*Information provided*
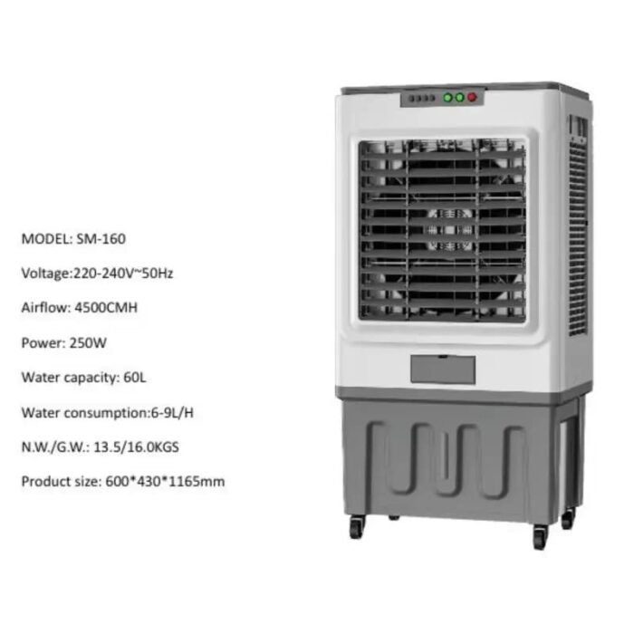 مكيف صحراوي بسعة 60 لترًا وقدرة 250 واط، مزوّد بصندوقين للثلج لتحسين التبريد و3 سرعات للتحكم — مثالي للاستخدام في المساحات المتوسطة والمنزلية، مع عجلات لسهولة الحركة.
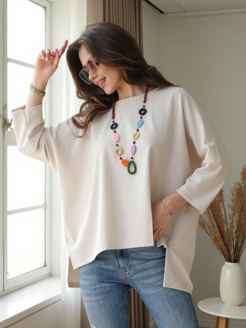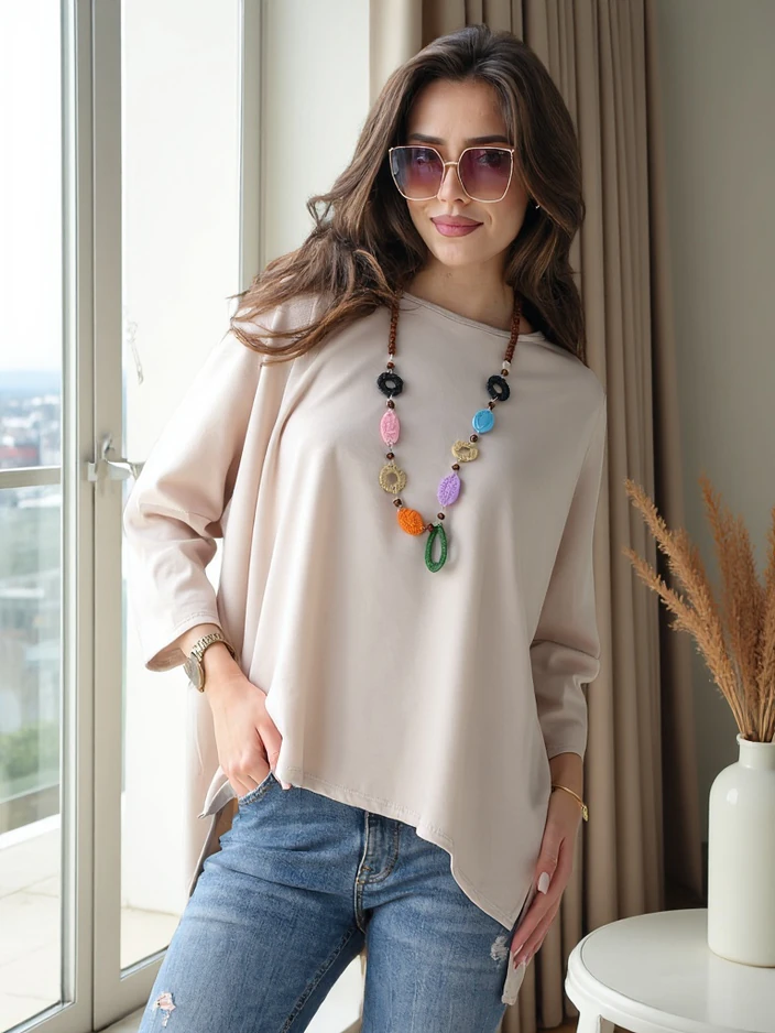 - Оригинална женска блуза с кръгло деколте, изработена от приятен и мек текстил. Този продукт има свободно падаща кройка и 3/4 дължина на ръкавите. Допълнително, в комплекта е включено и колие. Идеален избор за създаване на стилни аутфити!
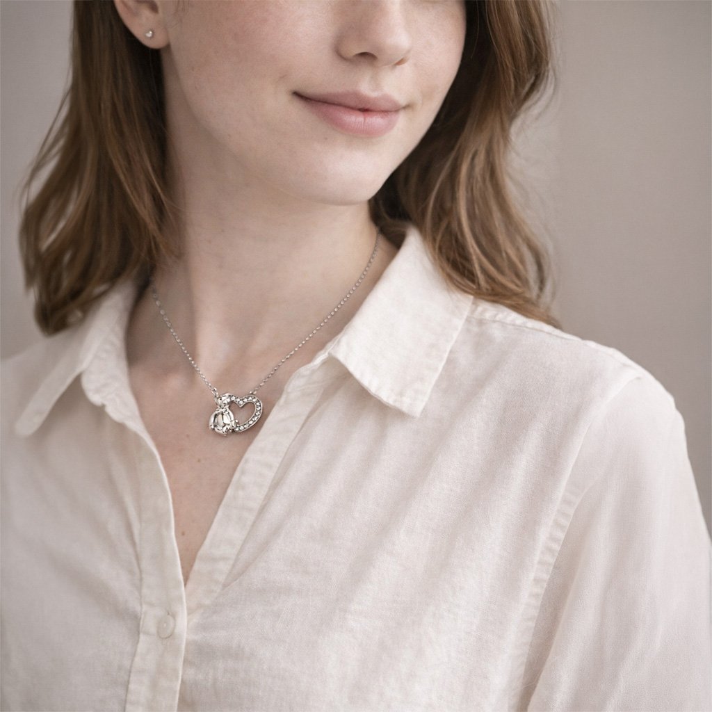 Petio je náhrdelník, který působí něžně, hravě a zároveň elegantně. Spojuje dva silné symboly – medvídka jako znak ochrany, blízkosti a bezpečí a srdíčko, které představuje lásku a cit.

*Task details*
Leave every picture out, and reproduce exactly the lines from the line bearing "- Оригинална женска" through the closing line of the material above.

*Exercise result*
 - Оригинална женска блуза с кръгло деколте, изработена от приятен и мек текстил. Този продукт има свободно падаща кройка и 3/4 дължина на ръкавите. Допълнително, в комплекта е включено и колие. Идеален избор за създаване на стилни аутфити!
 Petio je náhrdelník, který působí něžně, hravě a zároveň elegantně. Spojuje dva silné symboly – medvídka jako znak ochrany, blízkosti a bezpečí a srdíčko, které představuje lásku a cit.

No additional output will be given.